### YOUR OBJECTIVE
When the line containing "Tray with Material" is found in the data below, give it again along with every later line, exactly; drop the pictures.

### SUPPLIED RECORDS
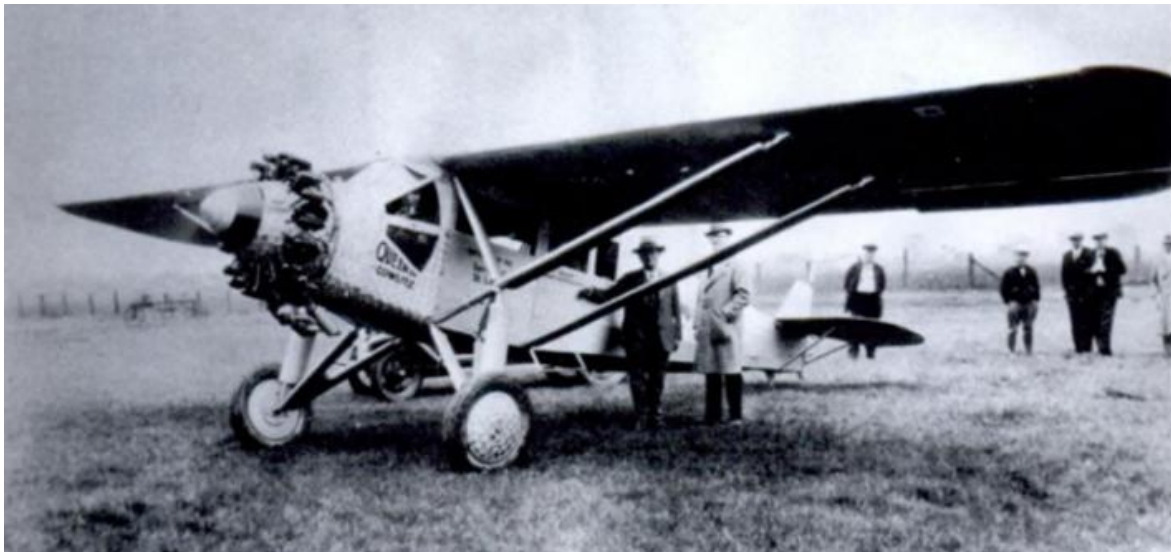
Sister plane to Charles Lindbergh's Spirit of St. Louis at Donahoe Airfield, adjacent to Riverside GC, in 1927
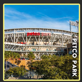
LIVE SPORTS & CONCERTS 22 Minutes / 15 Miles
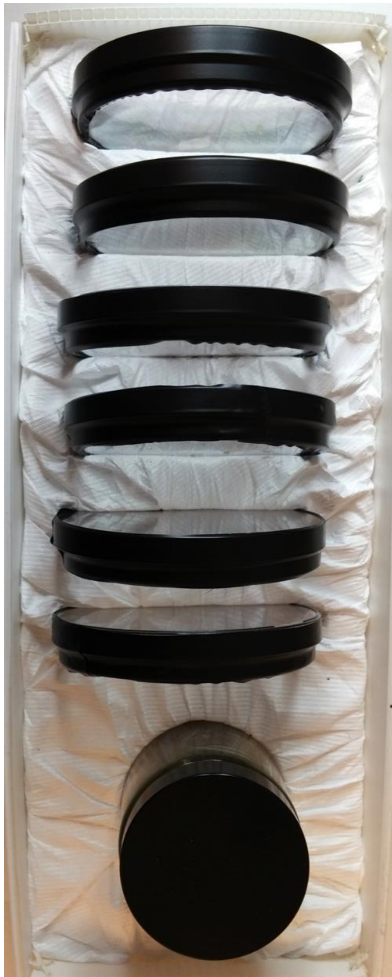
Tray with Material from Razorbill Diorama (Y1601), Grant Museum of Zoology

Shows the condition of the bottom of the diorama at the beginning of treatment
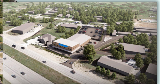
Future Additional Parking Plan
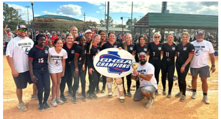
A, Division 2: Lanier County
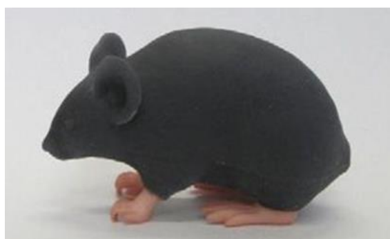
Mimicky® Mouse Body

### OUTPUT
Tray with Material from Razorbill Diorama (Y1601), Grant Museum of Zoology

Shows the condition of the bottom of the diorama at the beginning of treatment
Future Additional Parking Plan
A, Division 2: Lanier County
Mimicky® Mouse Body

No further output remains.